Supplied information:

= = = = =

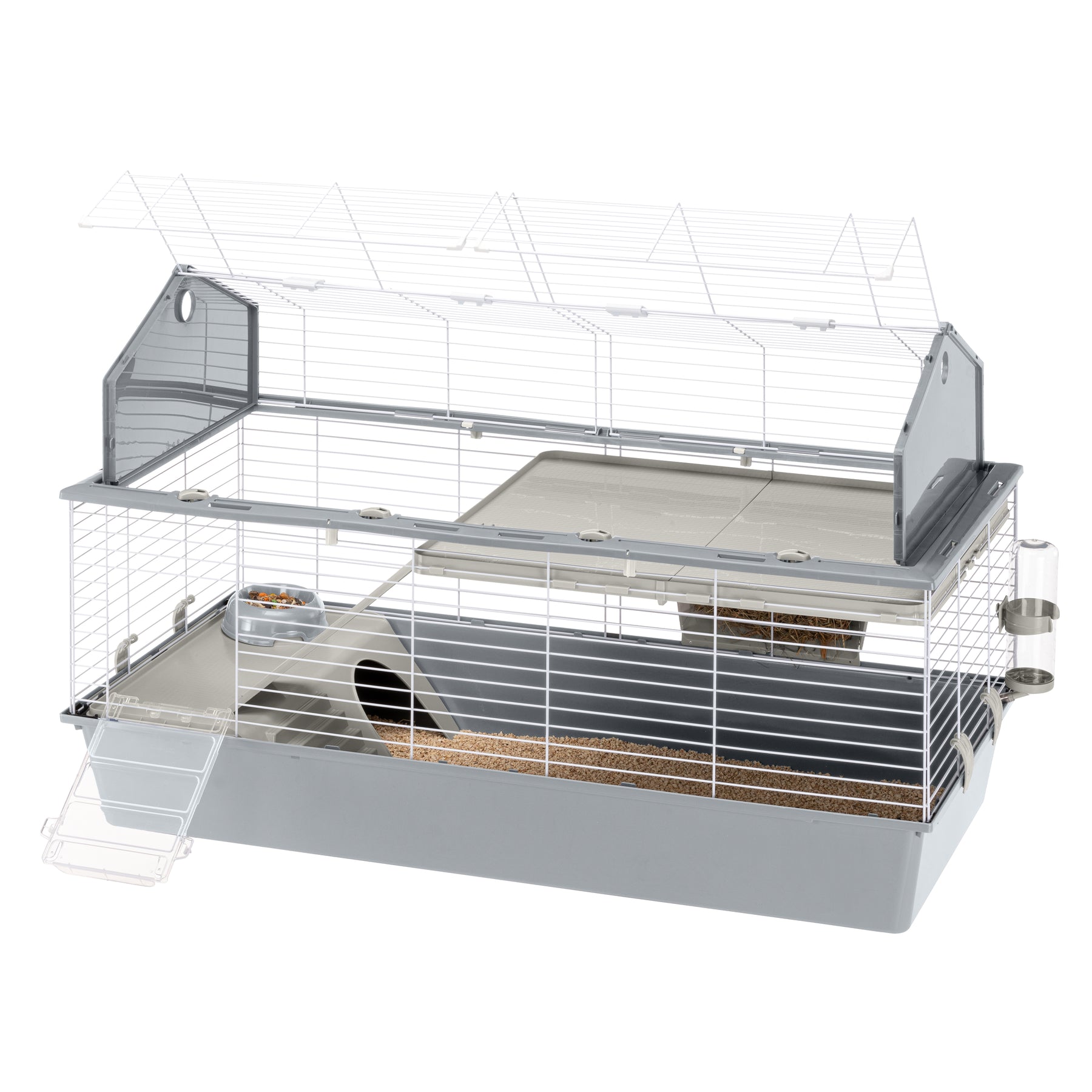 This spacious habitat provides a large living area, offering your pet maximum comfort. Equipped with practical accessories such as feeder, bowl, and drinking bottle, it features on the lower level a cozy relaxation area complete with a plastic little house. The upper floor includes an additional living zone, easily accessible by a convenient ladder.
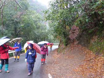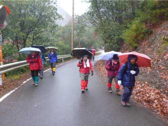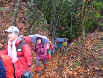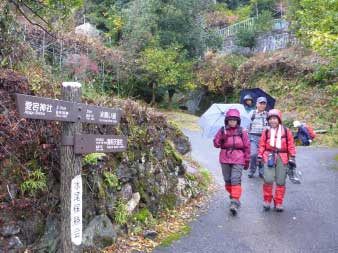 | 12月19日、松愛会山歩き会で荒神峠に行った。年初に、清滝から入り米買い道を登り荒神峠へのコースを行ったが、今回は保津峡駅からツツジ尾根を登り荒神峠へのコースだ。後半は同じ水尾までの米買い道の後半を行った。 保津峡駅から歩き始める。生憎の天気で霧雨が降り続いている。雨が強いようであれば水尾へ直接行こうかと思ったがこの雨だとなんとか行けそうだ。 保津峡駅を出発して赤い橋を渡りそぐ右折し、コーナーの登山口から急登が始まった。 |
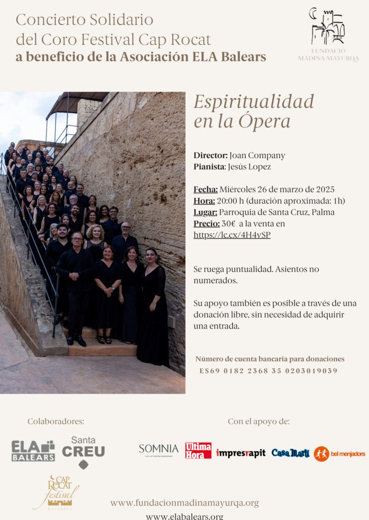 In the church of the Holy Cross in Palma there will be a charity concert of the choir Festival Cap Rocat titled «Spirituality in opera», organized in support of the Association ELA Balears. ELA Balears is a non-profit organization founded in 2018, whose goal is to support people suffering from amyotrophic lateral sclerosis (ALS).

= = = = =

Assignment: Every line of the data above should be returned exactly, with the pictures removed.

Answer for this exercise:
 This spacious habitat provides a large living area, offering your pet maximum comfort. Equipped with practical accessories such as feeder, bowl, and drinking bottle, it features on the lower level a cozy relaxation area complete with a plastic little house. The upper floor includes an additional living zone, easily accessible by a convenient ladder.
 | 12月19日、松愛会山歩き会で荒神峠に行った。年初に、清滝から入り米買い道を登り荒神峠へのコースを行ったが、今回は保津峡駅からツツジ尾根を登り荒神峠へのコースだ。後半は同じ水尾までの米買い道の後半を行った。 保津峡駅から歩き始める。生憎の天気で霧雨が降り続いている。雨が強いようであれば水尾へ直接行こうかと思ったがこの雨だとなんとか行けそうだ。 保津峡駅を出発して赤い橋を渡りそぐ右折し、コーナーの登山口から急登が始まった。 |
 In the church of the Holy Cross in Palma there will be a charity concert of the choir Festival Cap Rocat titled «Spirituality in opera», organized in support of the Association ELA Balears. ELA Balears is a non-profit organization founded in 2018, whose goal is to support people suffering from amyotrophic lateral sclerosis (ALS).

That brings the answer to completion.